Hi Henning,
Thanks for the suggestion. 
Disk I/O was our initial assumption on another Kamilio instance we are running. 
To test this theory we installed Kamailio on separate hardware and configurations with faster underlying SSD disks, however we are seeing the same crippled performance and congestion in the applications socket receive buffer when LOG level is set to INFO (2).

____________________
Amit Nir, MBA
Office: 305.999.0911
www.BryteCall.com

On Sep 15, 2022, at 6:14 AM, Henning Westerholt <hw@gilawa.com> wrote:



Hello,

 

additionally, try to see if you have some general I/O issues, e.g., by observing io-wait CPU, looking to I/O transaction times with monitoring tools etc..

Maybe there are other services also causing excessive I/O.

 

Cheers,

 

Henning

 

--

Henning Westerholt – https://skalatan.de/blog/

Kamailio services – https://gilawa.com

 

From: sr-users <sr-users-bounces@lists.kamailio.org> On Behalf Of Daniel-Constantin Mierla
Sent: Wednesday, September 14, 2022 2:25 PM
To: Kamailio (SER) - Users Mailing List <sr-users@lists.kamailio.org>; Amit <amit@brytecall.com>
Subject: Re: [SR-Users] Log levels severely impacts performance

 

Hello,

excessive logging is known to impact the performances. If you have many log messages printed from config, try to reduce them.

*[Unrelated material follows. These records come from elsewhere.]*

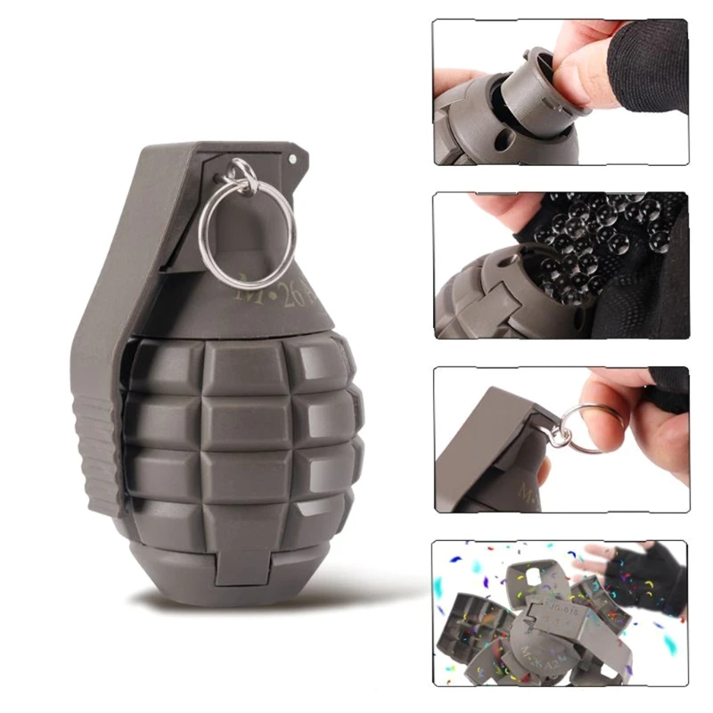 Safety Blaster: Mine grenade toy that launches the fragile water beads as a projectile, so when the water bomb is ejected, it will burst immediately after encountering obstacles,forming a pile of small fragments.
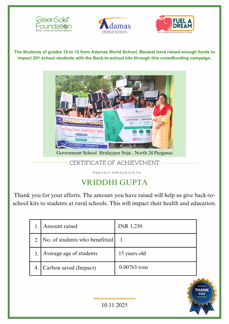 My name is VRIDDHI GUPTA. I am 16 years old and a Grade 11 student at Adamas World School, Barasat.
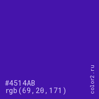 Цвет #4514AB в цветовой модели RGB обозначается тремя октетами (69, 20, 171) в десятичном формате и #4514AB в шестнадцатиричном (hex) формате, которые являются интенсивностью красного 69 (hex 45), интенсивность зелёного 20 (hex 14) и интенсивность синего 171 (hex AB).

Performance could be also a matter of how many child processes you created, via the children global parameter.

Cheers,
Daniel

On 14.09.22 04:18, Amit wrote:

Hello,

 

We’ve been running Kamailio 5.5.0 for a while now and recently ran into an issue where the application buffer would get full and Kamailio has a lot of difficulty keeping up with REG requests. This severely impacted Kamailio’s ability to perform and resulted in many REG timeouts.

 

Running ‘watch netstat -ulpn’ revealed the buffer issue.

 

We usually run the production system at log level INFO (2) and had not ran into any issues in the past.

 

When the buffer issue occurred and after some testing, we discovered that changing the log level to NOTICE (1) was sufficient to bring the system back into operational status.

 

For example, at log level INFO (2) we seem to achieve ~150-200 REG/s while at log level NOTICE (1) we reach ~500-700 REG/s.

 

I did find this article in the wiki and tried using the “-“ in front of the log path but this didn’t seem to help.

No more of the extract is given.